Correlation analysis was performed to investigate the relationship between cognitive status, measured by MMSE score, RAVL test, PIB retention and rCMRGlc. The MMSE score showed significant negative correlation with PIB retention at baseline in three areas: the frontal cortex (r = −0.64; P = 0.010), parietal cortex (r = −0.60; P = p.018) and occipital cortex (r = −0.56; P = 0.028). There were, however, no significant correlations between MMSE score and PIB retention at follow-up. Changes in MMSE score and PIB retention expressed as percentages of baseline values did not show significant correlation.

Significant correlation was observed between MMSE score and rCMRGlc both at baseline and at follow-up. Two brain regions showed significant positive correlations at baseline, the parietal cortex (r = 0.56; P = 0.005) and temporal cortex (r = 0.51; P = 0.044). Four areas showed significant positive correlation at follow-up, namely the frontal cortex (r = 0.74; P = 0.002), parietal cortex (r = 0.79; P = 0.001), temporal cortex (r = 0.56; P = 0.036) and cerebellar cortex (r = 0.64; P = 0.013). A significant positive correlation was also observed between percentage change in MMSE score and percentage change in rCMRGlc in the parietal cortex (r = 0.59; P = 0.027).

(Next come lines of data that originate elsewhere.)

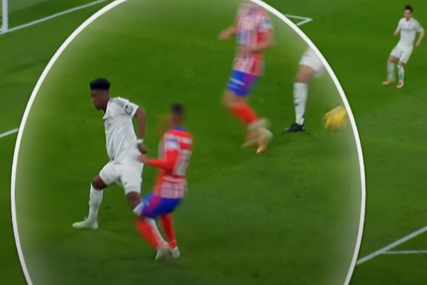 In the 31st minute, a cross ball was thrown from the left winger toward the box by an Atletico player, and in the process, Tchouameni happened to step over the foot of a striker slightly, and that player, Lino, showed the signs of somehow being hurt. With the VAR and referee’s monitor checking, this tackle was declared a foul, and the penalty was awarded to Atletico Madrid, and they scored an easy goal. The ball was lobbed straight into the center of the post, but Courtois dived to his left on the ground.
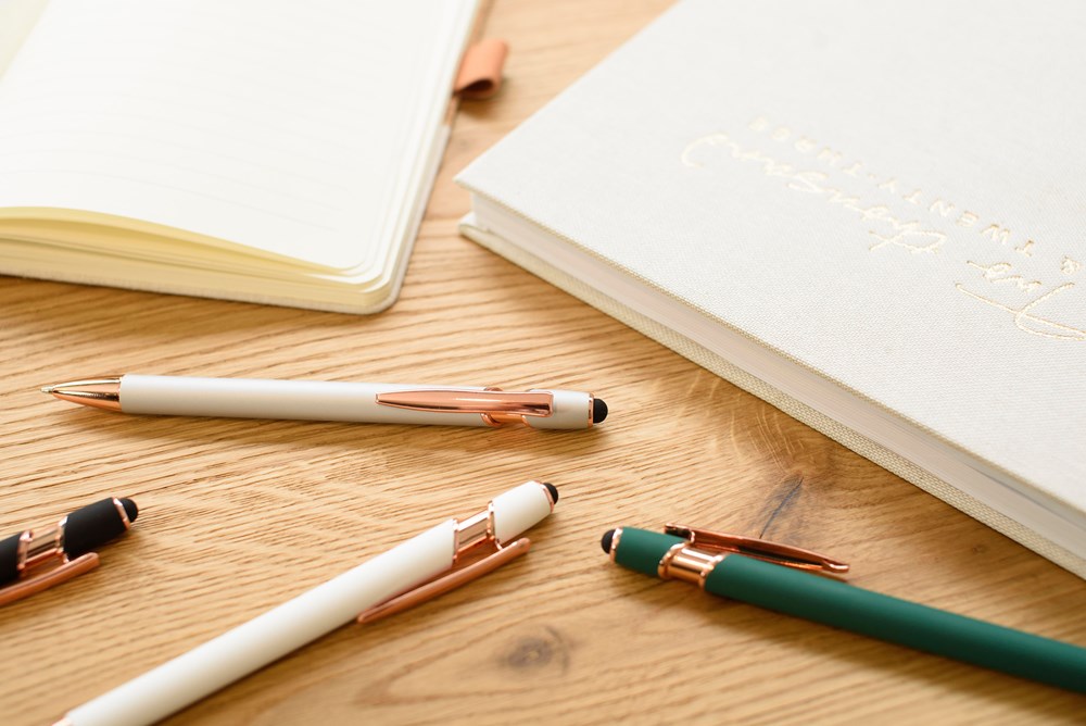Aluminium balpen met roségouden details en stylus. Blauwschrijvend. Bij het graveren zal het ontwerp zilverkleurig zijn.
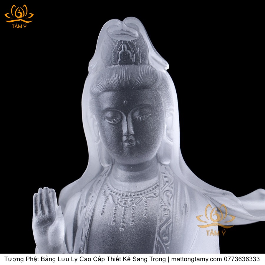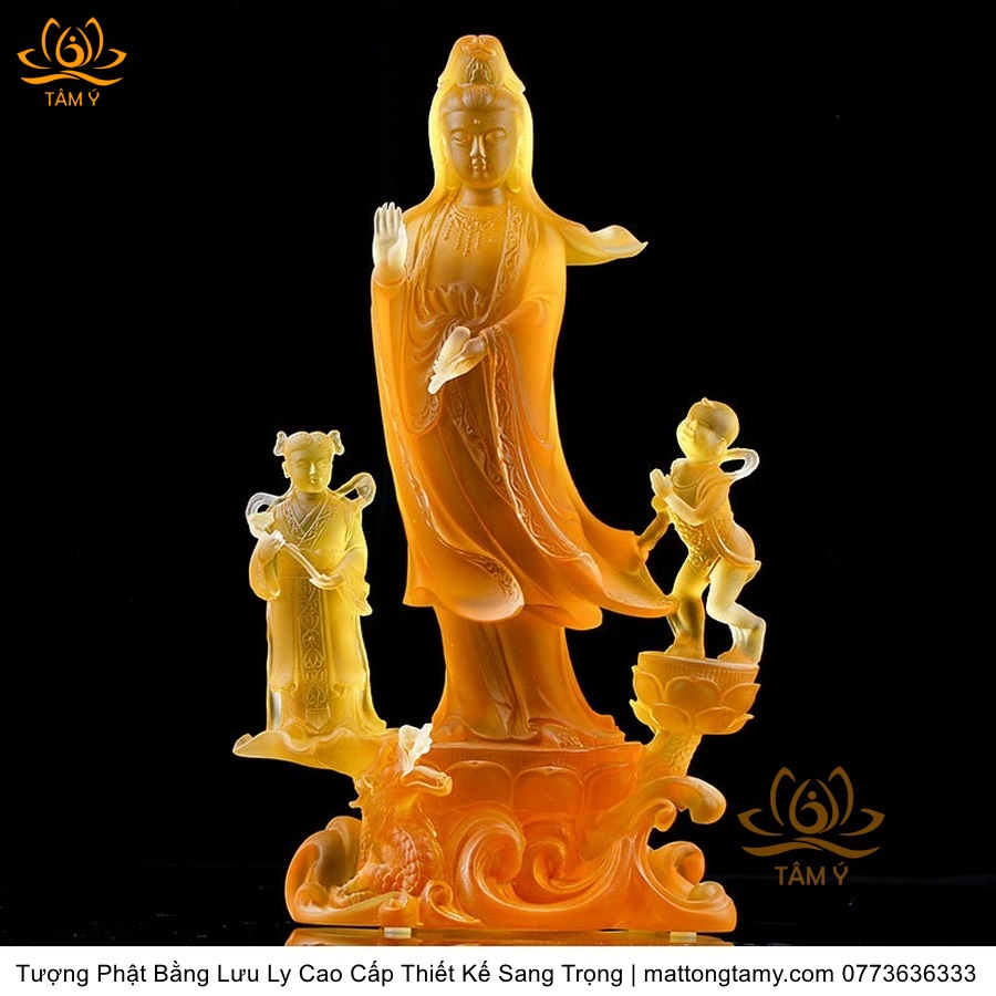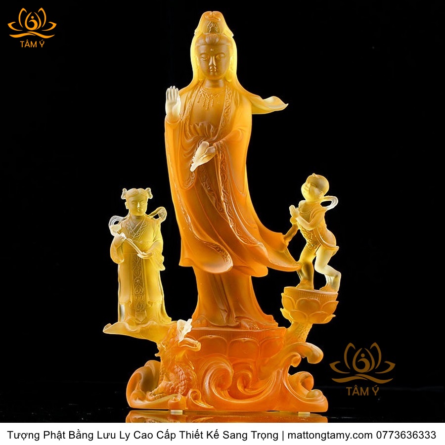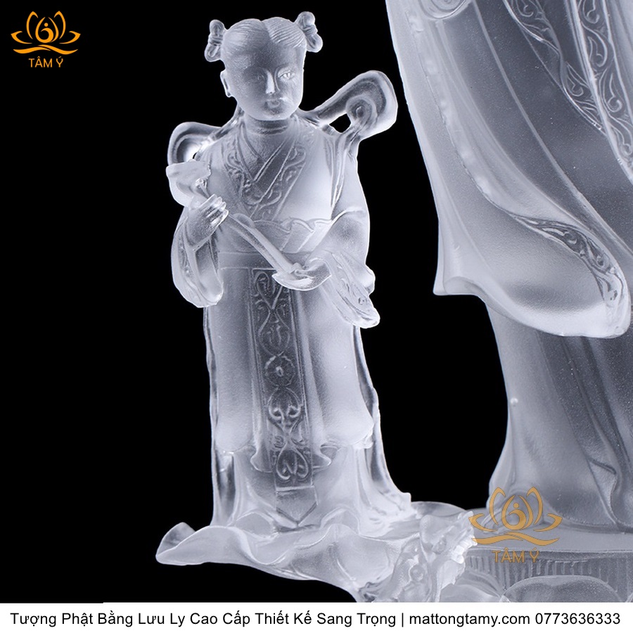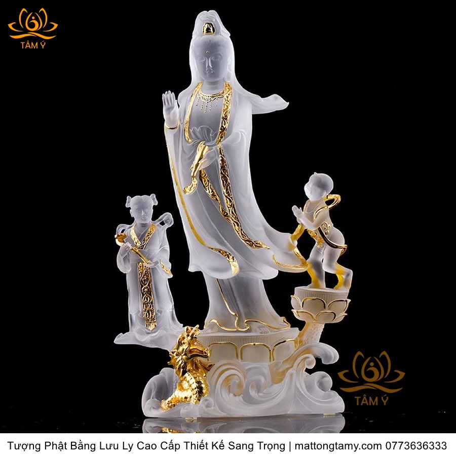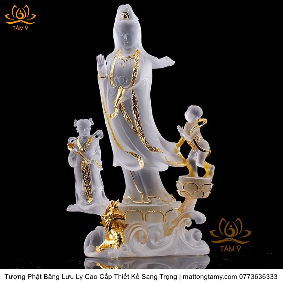 |Cao 28cm| Tượng Phật Đồng Tử Bái Quan Âm Bằng Lưu Ly Cao Cấp Thiết Kế Sang Trọng TP144
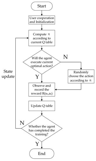 At the beginning of the algorithm, the MEC server needs to initialize the Q table and randomly select the initial state s0. After obtaining the network state sk, the server determines the optimal action by searching the maximum term of the current state in the Q table and calculates the strategy for action exploration. Whenever the MEC server searches the action, it will select the best action with a certain probability. At the same time, in order to ensure that the server always maintains exploration behavior during the learning process to avoid falling into local optimums, the MEC server will also select a random action according to the strategy π with another certain probability. After performing the selected action, the MEC server will obtain the reward based on the change in network performance. Finally, the next state sk+1 is determined according to the change in network state.
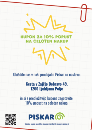 Kupon velja samo za zasebne nakupe oz. končne potrošnike. Uporaba pri nakupih na podjetje ali s.p. žal ni možna. Hvala za razumevanje!
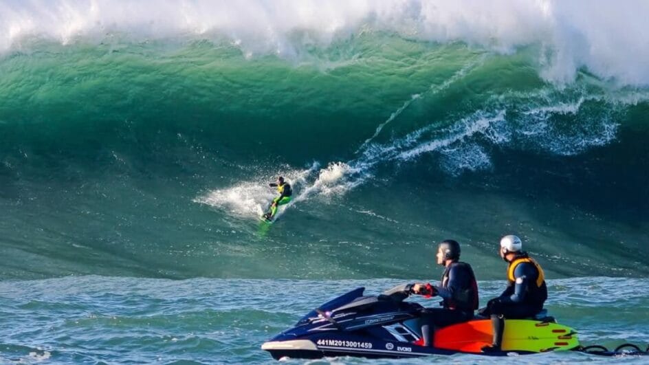 – Os gráficos mostravam ondas passando dos 20 metros. Quando a gente acordou tinha bastante vento. A gente achou que o vento ia baixar, mas ganhou força. Foi instinto de sobrevivência, com ondas gigantescas, deu para pegar uma bomba. Foram poucos os que pegaram porque o mar estava kamikaze – relatou Jacaré.
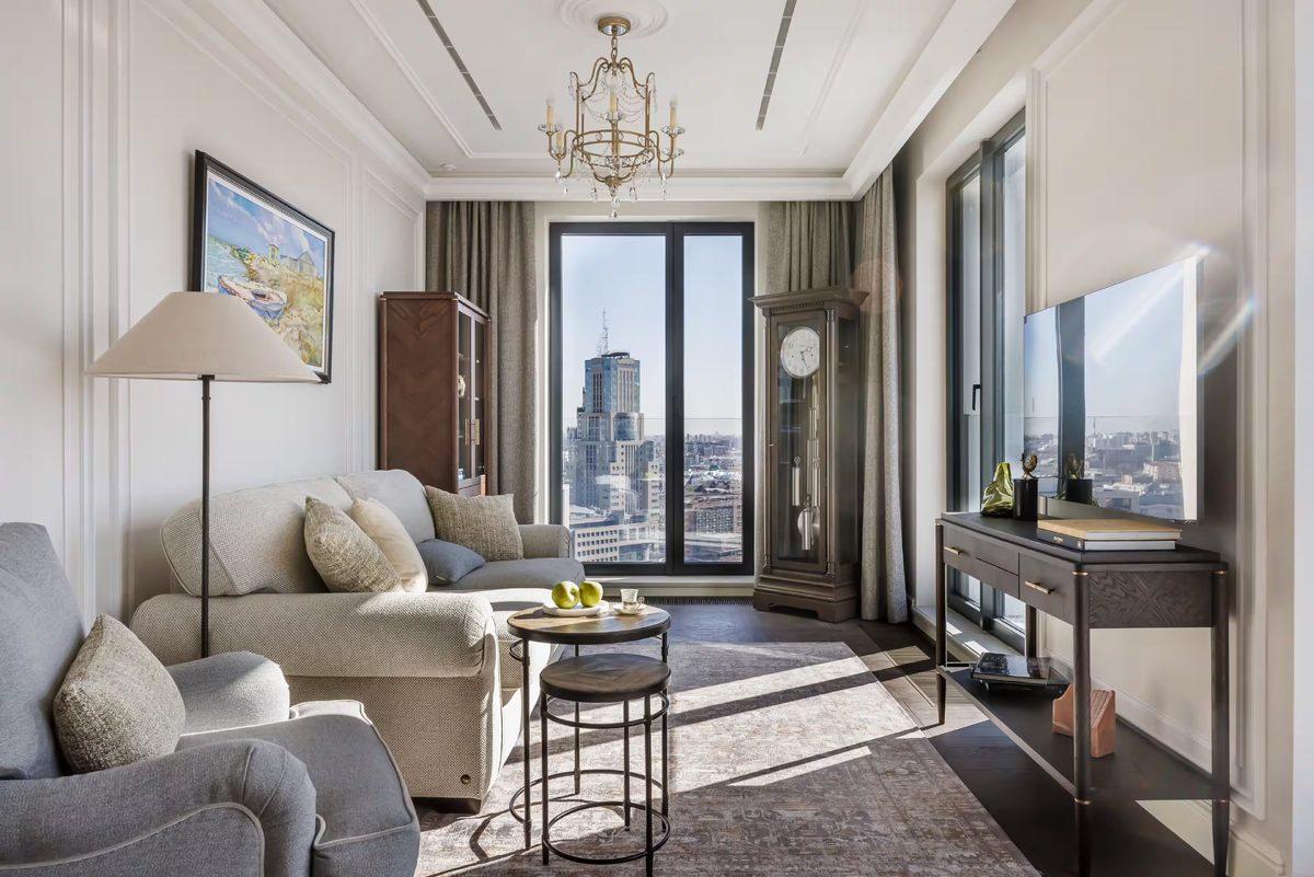 В общественной зоне квартиры создана атмосфера пространства с семейной историей, уюта, размеренной жизни и достатка без излишеств. Акцент сделан на натуральные материалы и сдержанный декор. Интерьер ощущается дорогим и респектабельным, но при этом не перегруженным и удобным для жизни.

The RAVL test score (expressed as Z-score) showed significant negative correlation with PIB retention at follow-up in four areas: the frontal cortex (r = 0.67; P = 0.009), parietal cortex (r = 062; P = 0.018), cingulum posterior (r = 0.64; P = 0.014) and striatum (r = 0.62; P = 0.018) (Fig. 4A).

Fig. 4

Correlation between RAVL and PIB retention (ROI/ref) (A) and RAVL and rCMRGlc (ROI/ref), respectively (B), in the parietal cortex of individual Alzheimer patients at follow-up. Open circles represent Alzheimer patients cognitively relatively stable, with changes in MMSE score of <3.0 at follow-up (AD-S). Filled circles represent Alzheimer patients who deteriorated cognitively with a decrease in MMSE score of ≥3.0 at follow-up (AD-P) only SUV rCMTglc values were obtained for patient 9. Patient 9 is indicated as filled squares in both A and B. Activity in the parietal cortex was normalized to that in the pons as regards glucose uptake. Z-scores of RAVL were generated from raw scores by comparing data with the mean value and standard deviation of a large control group.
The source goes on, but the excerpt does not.